RECORDS SHOWN

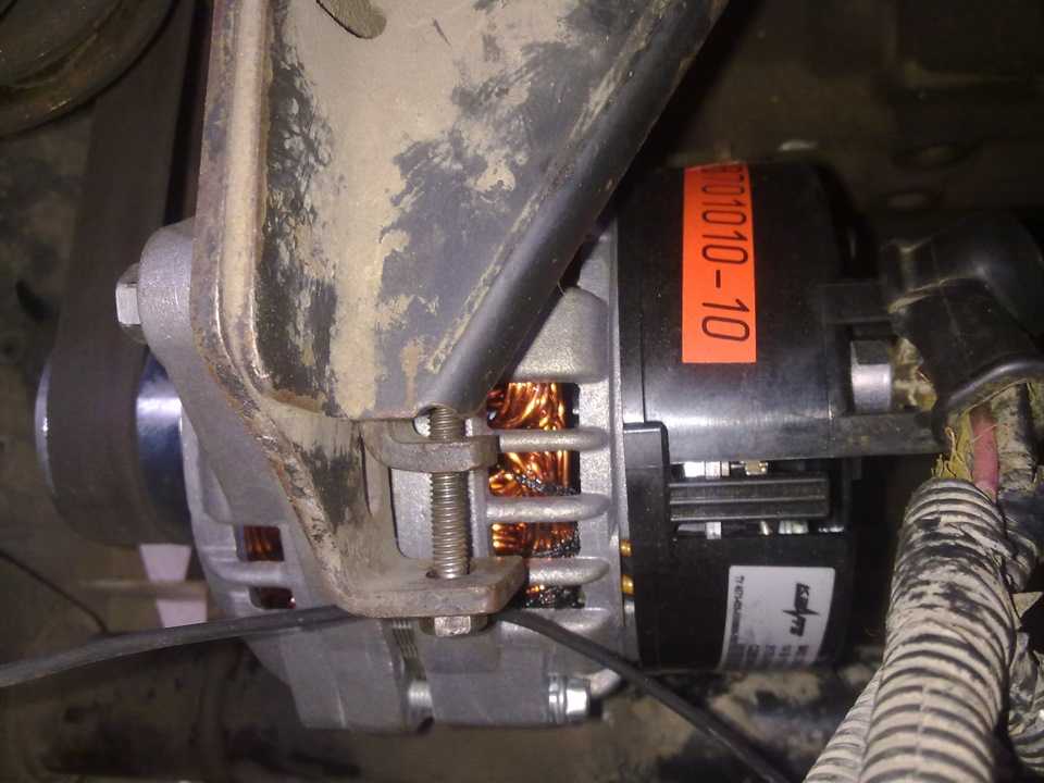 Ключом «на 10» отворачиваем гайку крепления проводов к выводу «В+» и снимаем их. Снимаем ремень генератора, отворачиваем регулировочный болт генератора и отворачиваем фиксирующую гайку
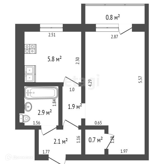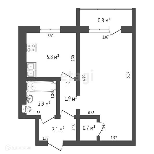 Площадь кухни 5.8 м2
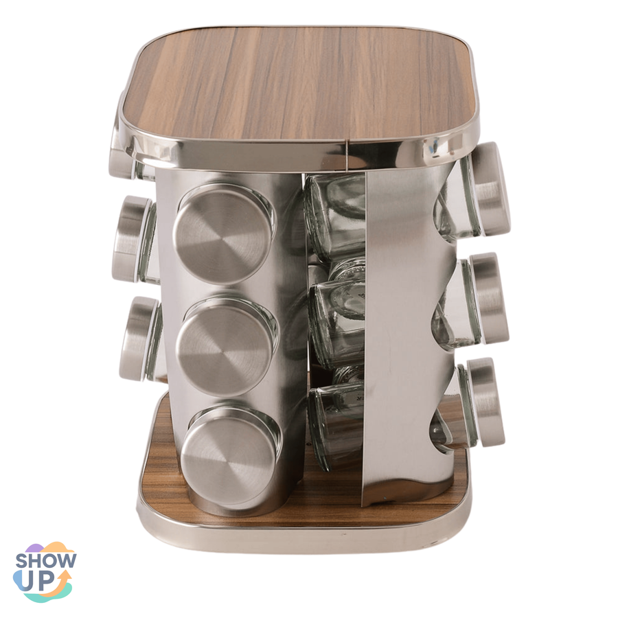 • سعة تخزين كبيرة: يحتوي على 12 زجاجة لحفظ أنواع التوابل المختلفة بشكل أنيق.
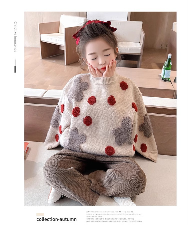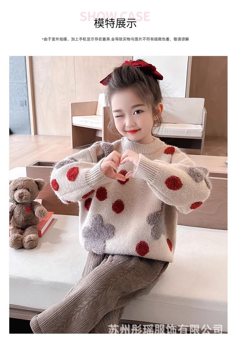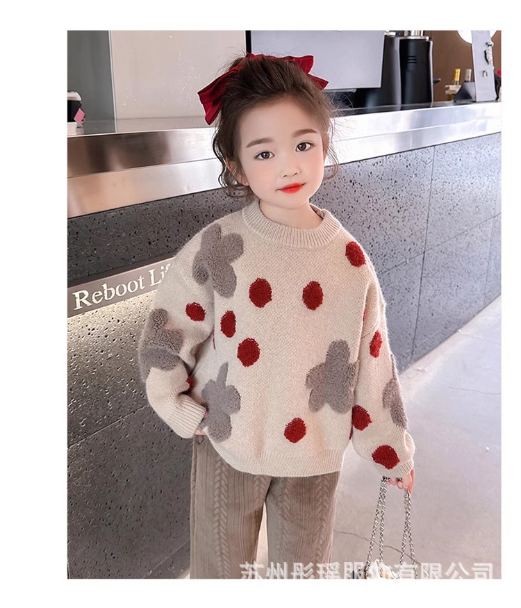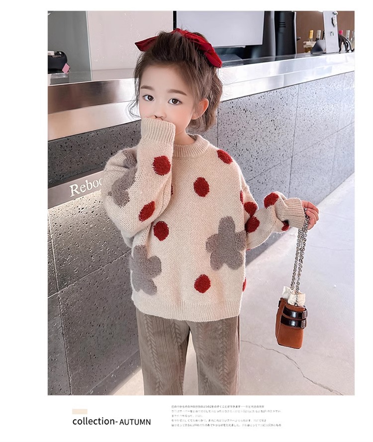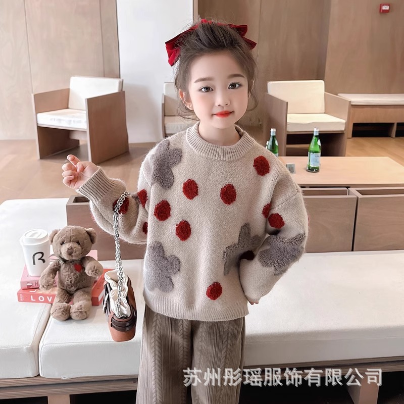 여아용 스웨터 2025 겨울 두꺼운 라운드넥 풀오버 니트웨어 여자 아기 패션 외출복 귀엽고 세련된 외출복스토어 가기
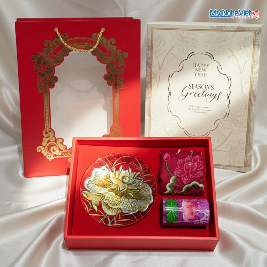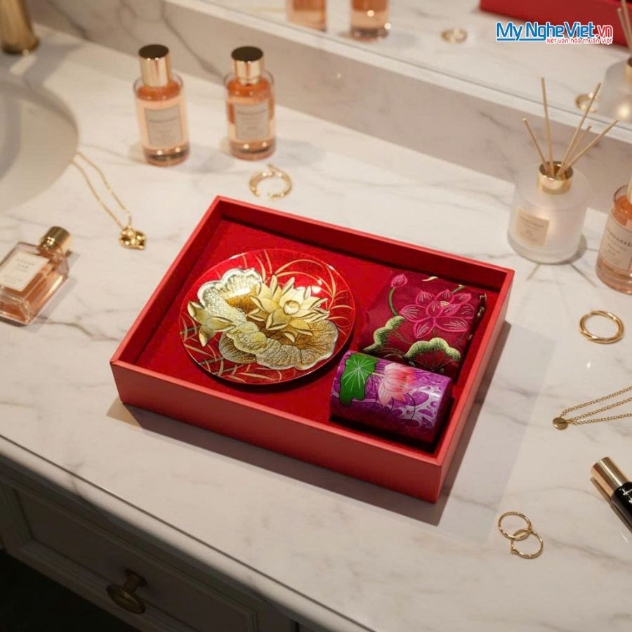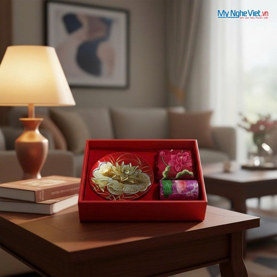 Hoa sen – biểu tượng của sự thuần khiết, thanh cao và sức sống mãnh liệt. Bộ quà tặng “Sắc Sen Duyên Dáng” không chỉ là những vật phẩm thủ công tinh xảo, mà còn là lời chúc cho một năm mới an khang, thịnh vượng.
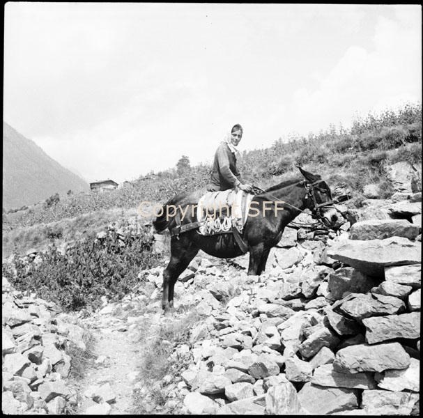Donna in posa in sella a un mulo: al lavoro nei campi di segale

--

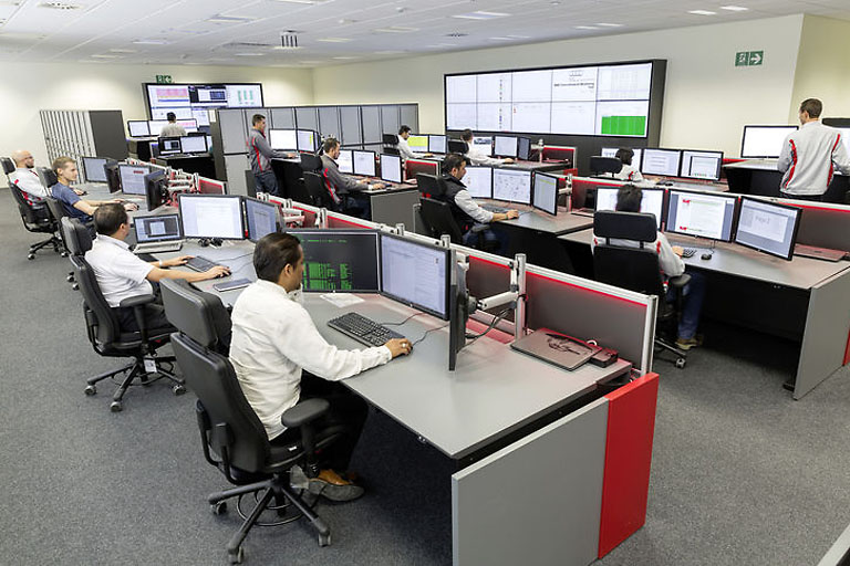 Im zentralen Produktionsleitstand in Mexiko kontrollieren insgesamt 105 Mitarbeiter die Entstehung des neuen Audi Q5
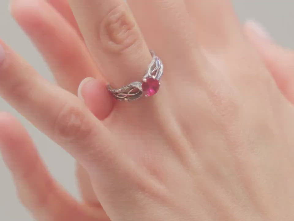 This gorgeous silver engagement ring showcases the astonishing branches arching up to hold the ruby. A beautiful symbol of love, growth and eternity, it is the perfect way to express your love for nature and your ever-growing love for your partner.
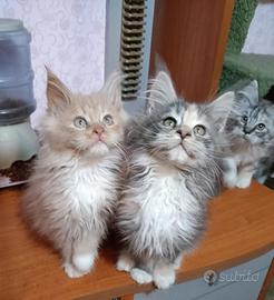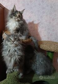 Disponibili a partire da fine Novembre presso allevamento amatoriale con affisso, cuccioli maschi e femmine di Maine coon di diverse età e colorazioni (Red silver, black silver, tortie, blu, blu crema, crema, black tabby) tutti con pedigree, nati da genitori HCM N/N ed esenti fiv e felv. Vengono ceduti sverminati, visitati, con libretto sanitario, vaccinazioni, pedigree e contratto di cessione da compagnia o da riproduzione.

...

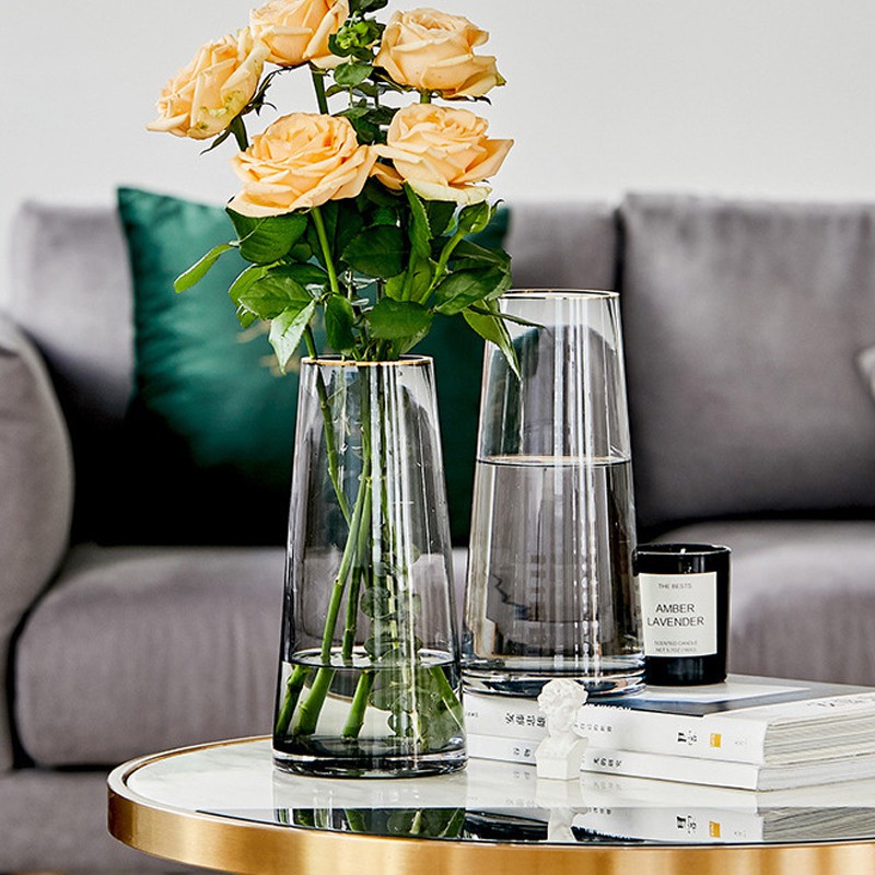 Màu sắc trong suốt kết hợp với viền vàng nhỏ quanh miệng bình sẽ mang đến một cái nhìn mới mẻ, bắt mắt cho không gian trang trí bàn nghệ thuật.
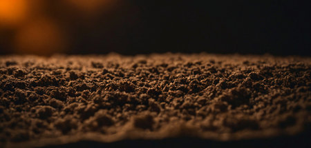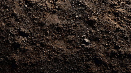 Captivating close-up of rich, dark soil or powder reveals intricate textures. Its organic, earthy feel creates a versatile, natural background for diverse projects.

DIRECTIONS
Give back, exactly and without pictures, the stretch of the records above from the line containing "여아용 스웨터 2025" through the line containing "Donna in posa", with both end lines included.

YOUR RESPONSE
 여아용 스웨터 2025 겨울 두꺼운 라운드넥 풀오버 니트웨어 여자 아기 패션 외출복 귀엽고 세련된 외출복스토어 가기
 Hoa sen – biểu tượng của sự thuần khiết, thanh cao và sức sống mãnh liệt. Bộ quà tặng “Sắc Sen Duyên Dáng” không chỉ là những vật phẩm thủ công tinh xảo, mà còn là lời chúc cho một năm mới an khang, thịnh vượng.
Donna in posa in sella a un mulo: al lavoro nei campi di segale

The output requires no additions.